Now I know there are writers who do not know how to behave. Who disavow the fact that the characters they created now belong to the creative person who will walk them into real life. Those writers disrupt and make everyone’s job more difficult. They should be stowed in the broom closet or out on the street. Not every writer is like that.


I knew if my work moved an actor to create, that made the work richer. I was okay with that which is how I kept my secret, silent writer’s heart quiet while she yelled, “Mine mine mine.”


So, I gave one note to the director out of sight and hearing of the actors, as requested. When she told the actors, “We usually cross out all the stage directions,” and my brain exploded like a mushroom cloud over Nevada and my secret, silent writer’s heart yelled, “It ain’t radio, bitch,” I just sat there.


Oh my.


What did we do before Google?


I looked up playwright/director relationships and found out, it wasn’t just me. HALLELUJAH. But gee. Not everybody, but enough that Google had no trouble spewing multiple hits.


I’ll say this about that.


It is a misguided, mediocre director who advises actors to ignore the playwright’s stage directions. Here are three reasons.


1. It ain’t radio.


2. Stage directions are where the subtext hides.


3. If we’re speaking of playwrights like Tennessee Williams or Arthur Miller, stage directions are where the literature lives. They are how we know Stanley is going to rape Blanche and Willy Loman’s a dick. That literature is the art that inspires the art the actor creates. Why go without it?

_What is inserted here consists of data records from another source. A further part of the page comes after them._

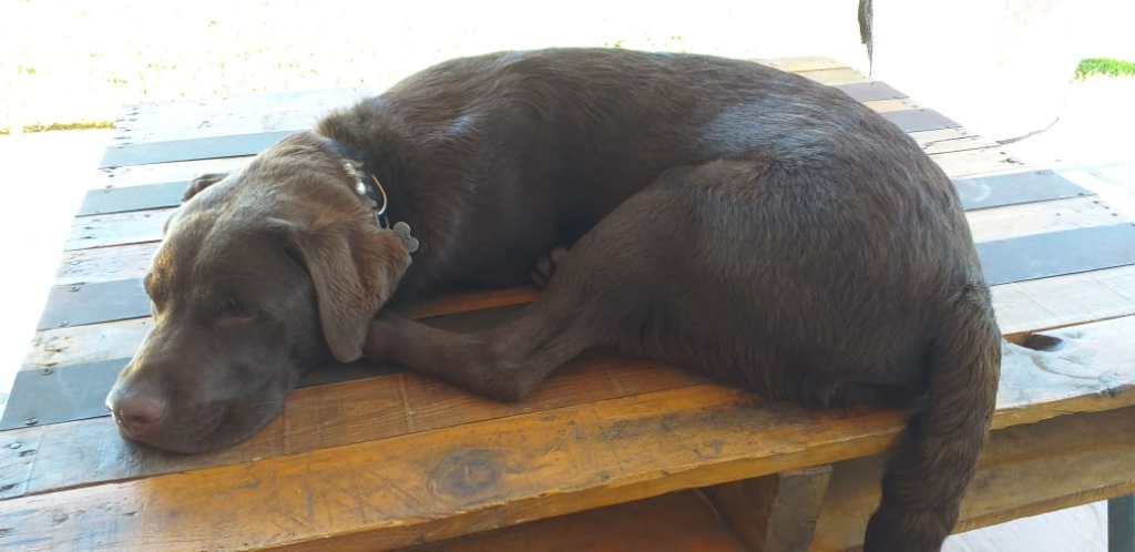 La mesa y Sánchez (mi perro) enamorado de ella.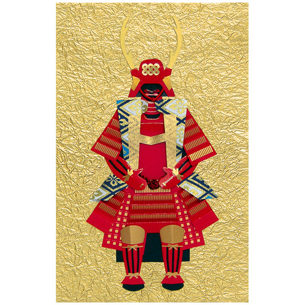 五月人形のような鎧兜を立体的にかたどったカードです。定形郵便として送れます。扇の透かしが入った中紙入りです。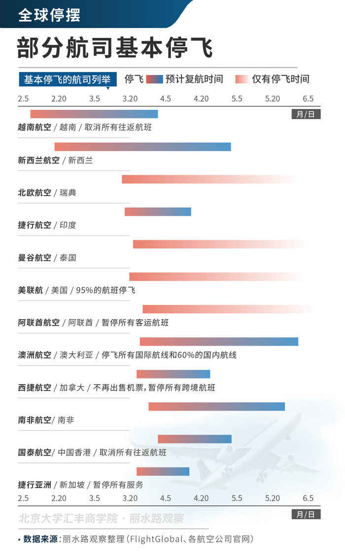 停飞起始时间集中在三月中旬,即新冠病毒全球传播的关键期。预计复航时间,已推迟至五月。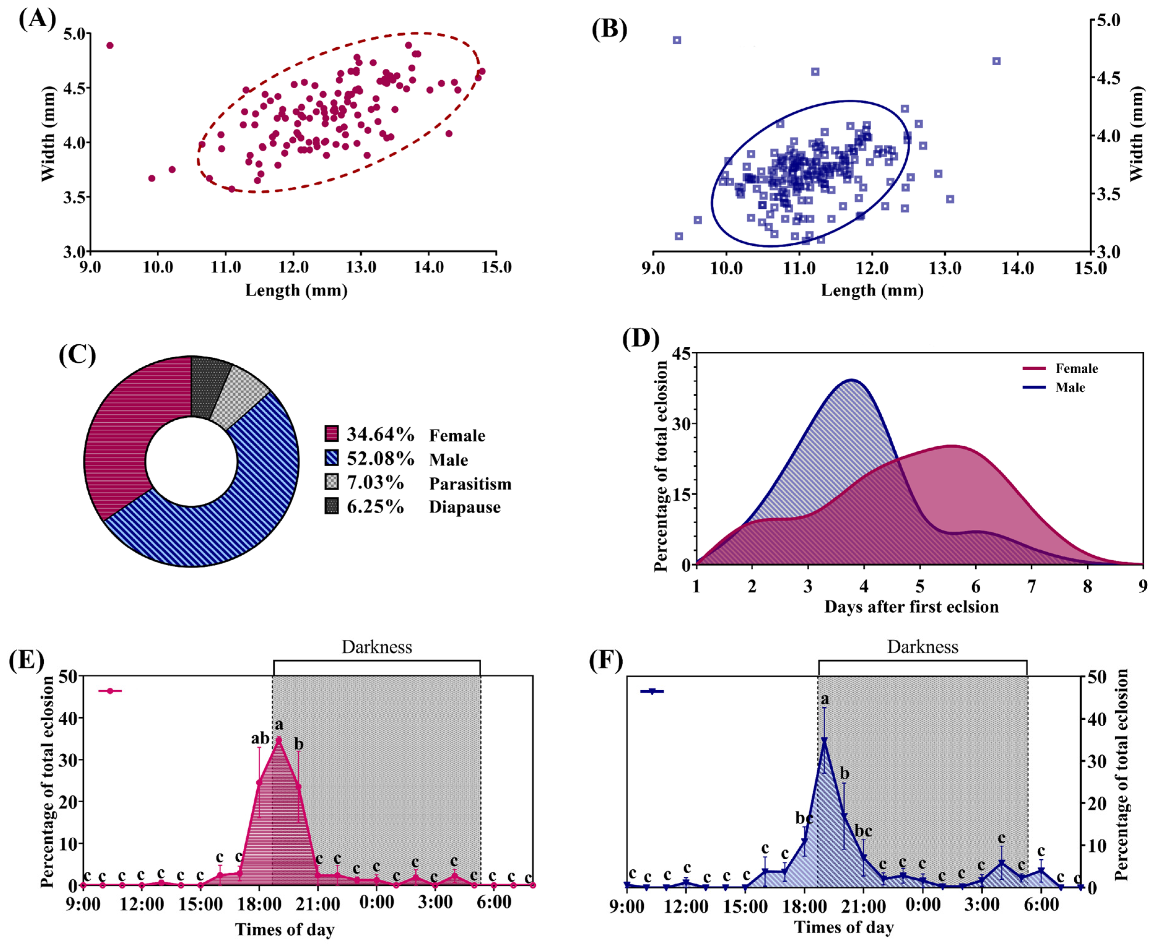 - Morris, M.C.; Takeda, S. The Adult Eclosion Rhythm in Hyphantria cunea (Lepidoptera: Arctiidae): Endogenous and Exogenous Light Effects. Biol. Rhythm Res. 1994, 25, 464–476. [Google Scholar] [CrossRef]

So, I skipped the rest of the rehearsals and concentrated on my premiere night outfit aiming for writer cool not old lady-going-to-town.


I remember how nervous I was waiting out the first night of the first time Driver’s Ed was performed in the old home town. I wrote about it here.


This time was different. There were contracts. Everybody got paid. People had to buy tickets and commit to a night at the theater. Ads and posters appeared around town.


Would they laugh? Would they walk out? Would we be a Covid super spreader event?


They laughed. They enthusiastically applauded between each scene. It was cool. It was weird. It was not what I’m used to. The script that played a million times in my mind was out in the world.


During the second night’s performance I sat in a hallway, out of sight of the stage in the dark and listened to where the laughs were. 


Listened to the audience. 


First line gets the biggest laugh. Midway through the play a line gets a sustained laugh that bubbled on past the next three lines. Listened to when the language quieted the audience. Heard when they came back. It was one of my best writer experiences.


That night sitting on the floor in the dark, hearing an audience brim with laughter and applause, my secret, silent writer’s heart whispered, “Mine.”